From the line with "的Toyota altis,因闖越平交道" to the line with "If you’re not", retype each line exactly as it stands in the records below, but skip the pictures.

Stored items

========================

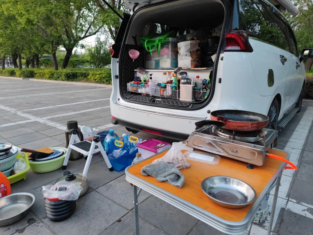 大哥的装备太全了,我就说主要的:电池有三块,冰箱,煤气罐和家用灶台,各种调料和厨具……我内心暗暗佩服。
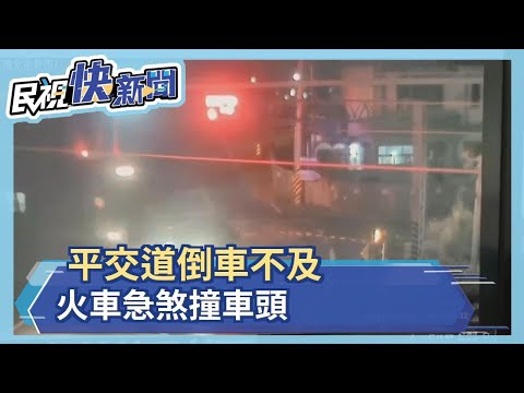的Toyota altis,因闖越平交道與電聯車相撞,幸好僅車頭前方受損,女駕駛有胸悶情形
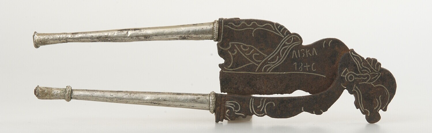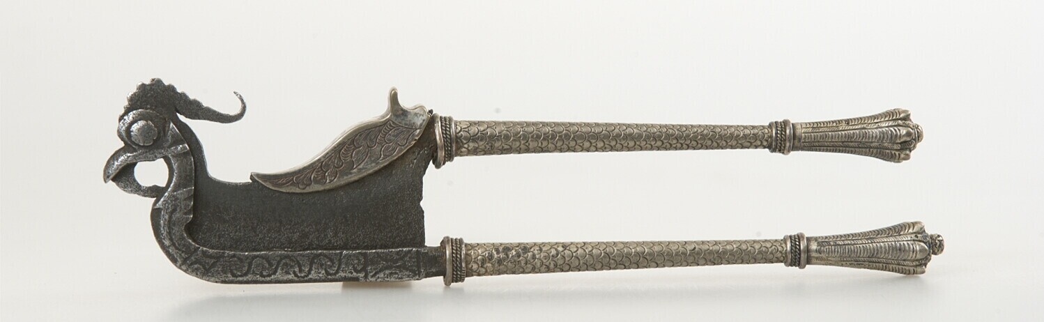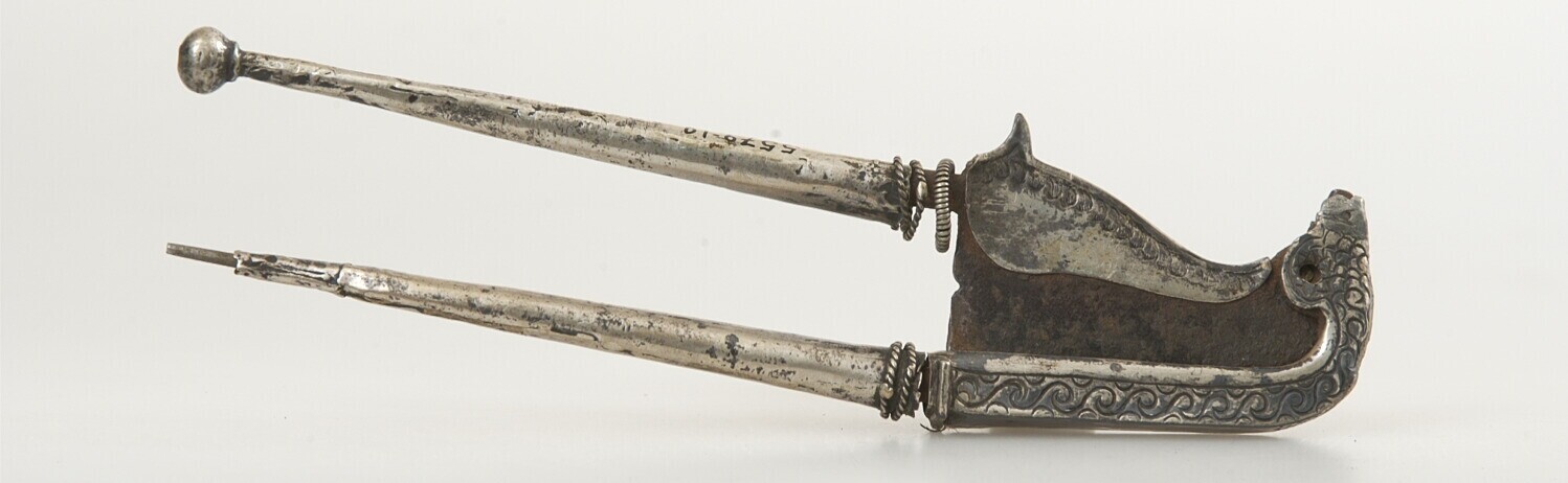Notenkraker van ijzer en zilver in de vorm van een g...
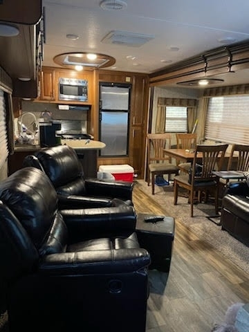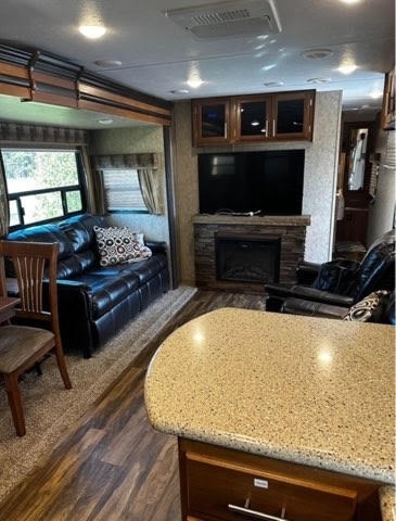 This Tracer has an overall length of 33.75 feet and comes equipped with 1 power retractable slide-out, a 19-foot power retractable awning, 1 A/C unit, a fireplace, and plenty of room to sleep up to 6. This unit has been well-maintained.
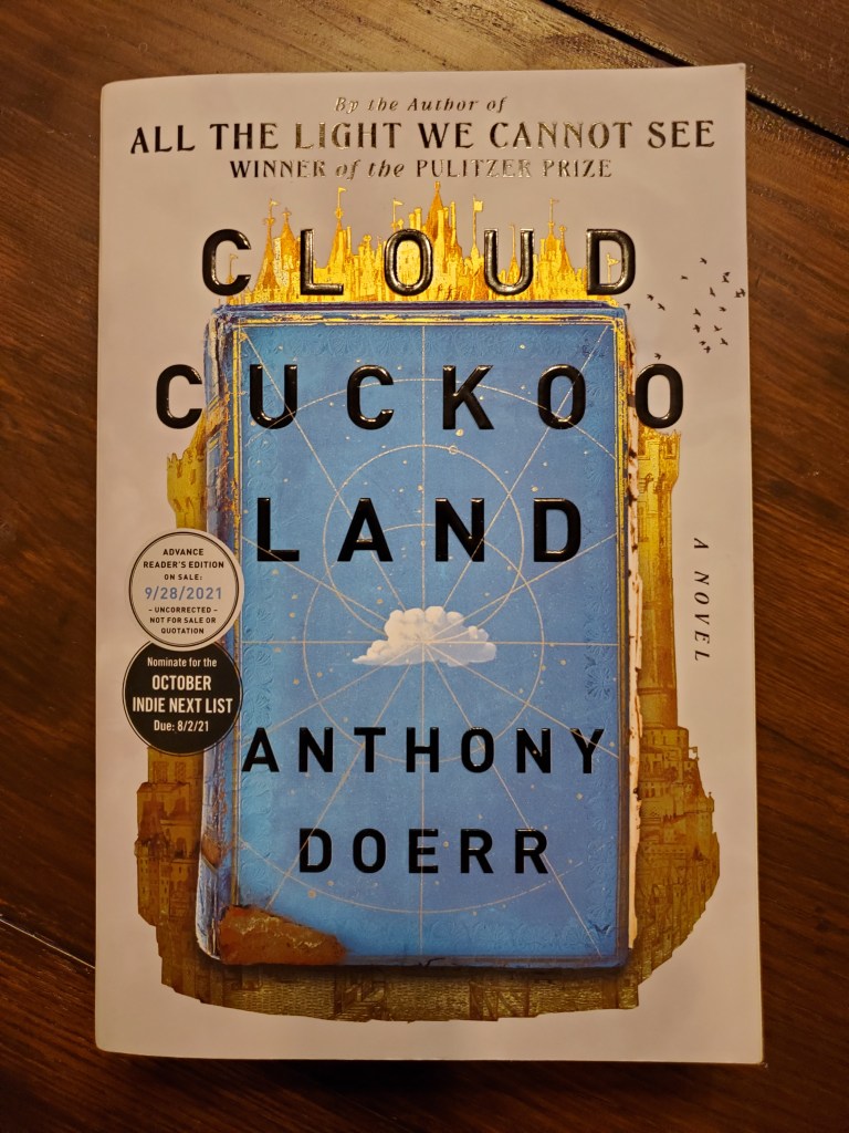 I received an advance reader’s copy (ARC) of Cloud Cuckoo Land by Anthony Doerr. Since this version is just a proof and not the final version, I won’t quote directly and will keep my comments general.
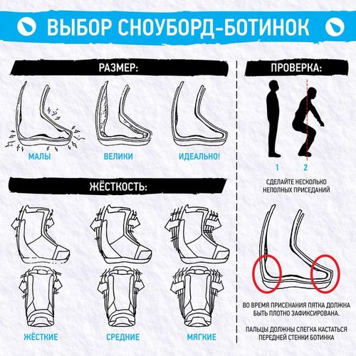 - Ботинки для новичков лучше брать мягкие. Не надейтесь с первой примерки найти «свою» пару. Многие современные модели предполагают термоформовку — специальную подгонку под анатомические особенности конкретного человека.
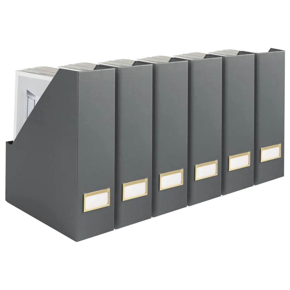 BLU MONACO D?cor and Organization with a Set of 6 Cute Magazine Holders Foldable File Boxes in Grey with Gold Label Holders - Home Office D
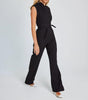 Women Sleeveless Wide Long Pants Jumpuit With Belt.
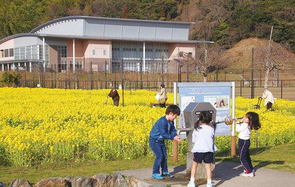 早春に菜の花まぶしく 下松スポーツ公園で満開 井戸の手押しポンプも人気
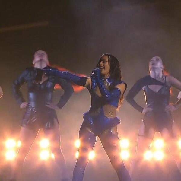 21.17 - Teya Dora, koja predstavlja Srbiju nastupa druga po redu s pesmom "Ramonda". Teya Dora je na sceni bosa, a deo njene scenografije je ogromna stena.
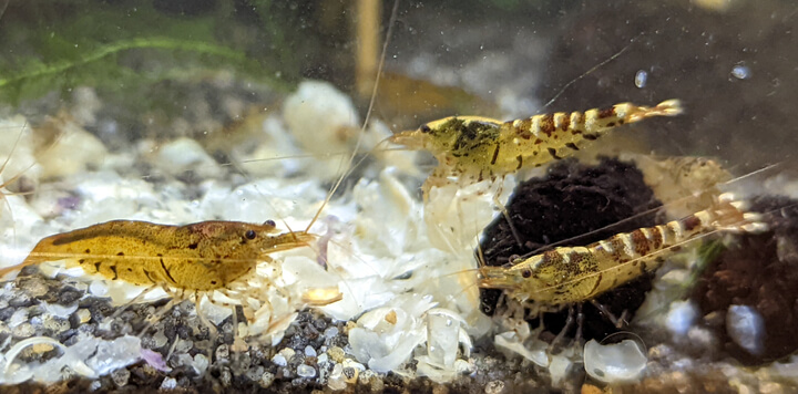 If you’re not sure they’re getting enough to eat, there are lots of different foods for your shrimp like algae wafers, bee pollen, shrimp pellets, blanched vegetables, etc.
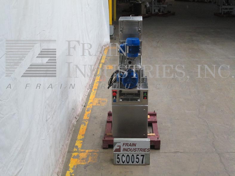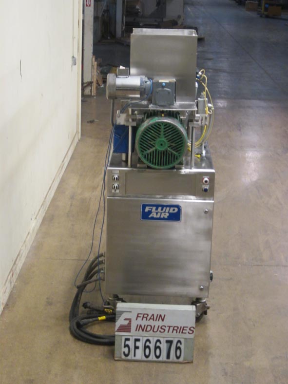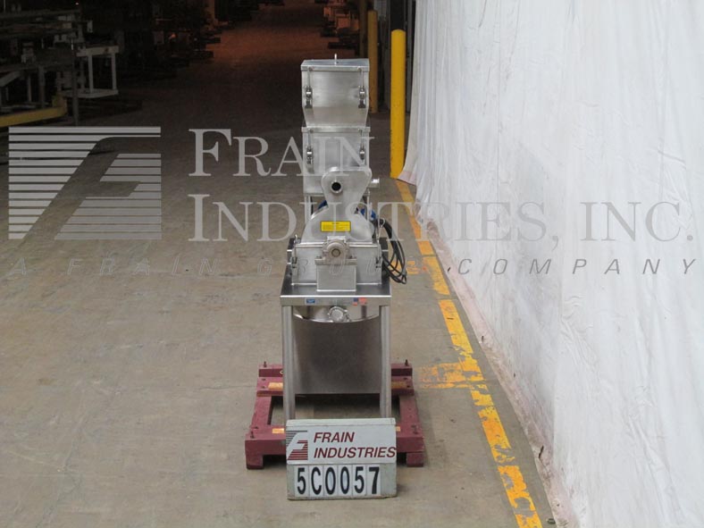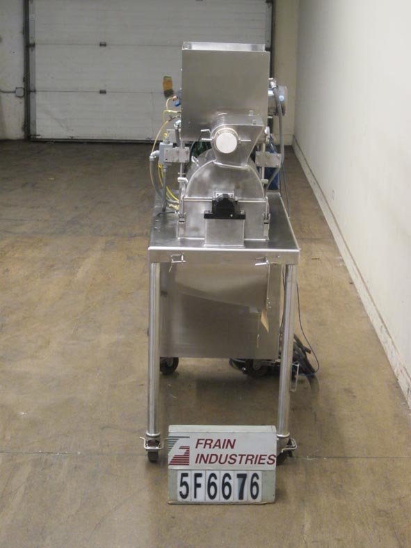 Fluid Air, Model 007 Granumill, all stainless steel pilot size product reduction system. Capable of handling both wet or dry products with thru puts from 2 to 2250 lbs per hour, has screen width of 7" and capable of handling 10 to 400 size mesh with finished reduction particle sizes from 2000 to 27 microns all with proper change parts and depending on materials and application. Maximum speeds of 5,000 rpm’s and maximum tip speed of 21,000 feet per minute. Equipped with 18" long x 15" wide x 15" deep stainless steel product hopper with 3" OD x 28" long product feed screw and secondary pan feeder to reduction chamber with bolt down cover and (4) fixed rotary impact blades with flat square and rounded blades for impacting hard materials and fine grinding also breaking up soft or wet materials. Control panel has frequency and fault controls with mill and feeder readouts for rpm and percent of load controllers. Mounted on stainless steel base frame with casters.
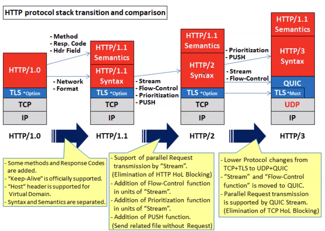 NOTA: En HTTP/3 vemos que va sobre UDP con lo que no se garantiza la entrega. Para ello metemos una capa QUIC que se encarga de la gestión de errores SOLO cuando los haya de manera que las conexiones son más rápidas que con TCP
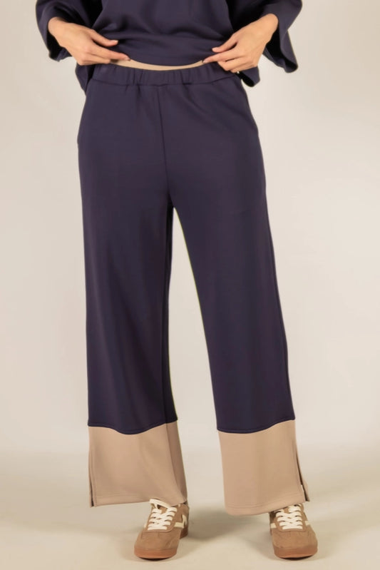 P.Cill Colorblock Band Wide Leg Pants in Navy
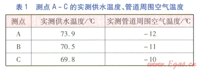 當(dāng)室外溫度比較接近時,測點(diǎn)A~C的實(shí)測供水溫度、管道周圍空氣溫度見表l。
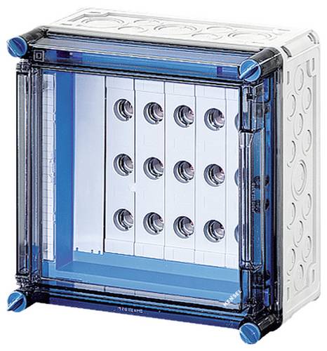 Gehäuse für den Bau von Energie-Schaltgerätekombinationen bis 630 A oder als Einzelgehäuse. Aus hochwertigem Polycarbonat schutzisoliert. Wanddurchführungen mit großen Öffnungen für die elektrische Verbindung der Gehäuse untereinander. Kabeleinführung an allen Gehäusewänden über metrische Vorprägungen oder Anbauflansche. Gehäuse zur Wandbefestigung auch über Außenlaschen oder mit Montageschienen. Gehäuse mit Sicherungselementen für D02-Sicherungseinsätze, E 18, auf Sammelschienen. Mit Zuleitungsklemmen, PE- und N-Klemmen und Berührungsschutz. Deckelverschlüsse für Handbetätigung.

========================

- [WRITTEN SOLUTION]:
的Toyota altis,因闖越平交道與電聯車相撞,幸好僅車頭前方受損,女駕駛有胸悶情形
Notenkraker van ijzer en zilver in de vorm van een g...
 This Tracer has an overall length of 33.75 feet and comes equipped with 1 power retractable slide-out, a 19-foot power retractable awning, 1 A/C unit, a fireplace, and plenty of room to sleep up to 6. This unit has been well-maintained.
 I received an advance reader’s copy (ARC) of Cloud Cuckoo Land by Anthony Doerr. Since this version is just a proof and not the final version, I won’t quote directly and will keep my comments general.
 - Ботинки для новичков лучше брать мягкие. Не надейтесь с первой примерки найти «свою» пару. Многие современные модели предполагают термоформовку — специальную подгонку под анатомические особенности конкретного человека.
 BLU MONACO D?cor and Organization with a Set of 6 Cute Magazine Holders Foldable File Boxes in Grey with Gold Label Holders - Home Office D
 Women Sleeveless Wide Long Pants Jumpuit With Belt.
 早春に菜の花まぶしく 下松スポーツ公園で満開 井戸の手押しポンプも人気
 21.17 - Teya Dora, koja predstavlja Srbiju nastupa druga po redu s pesmom "Ramonda". Teya Dora je na sceni bosa, a deo njene scenografije je ogromna stena.
 If you’re not sure they’re getting enough to eat, there are lots of different foods for your shrimp like algae wafers, bee pollen, shrimp pellets, blanched vegetables, etc.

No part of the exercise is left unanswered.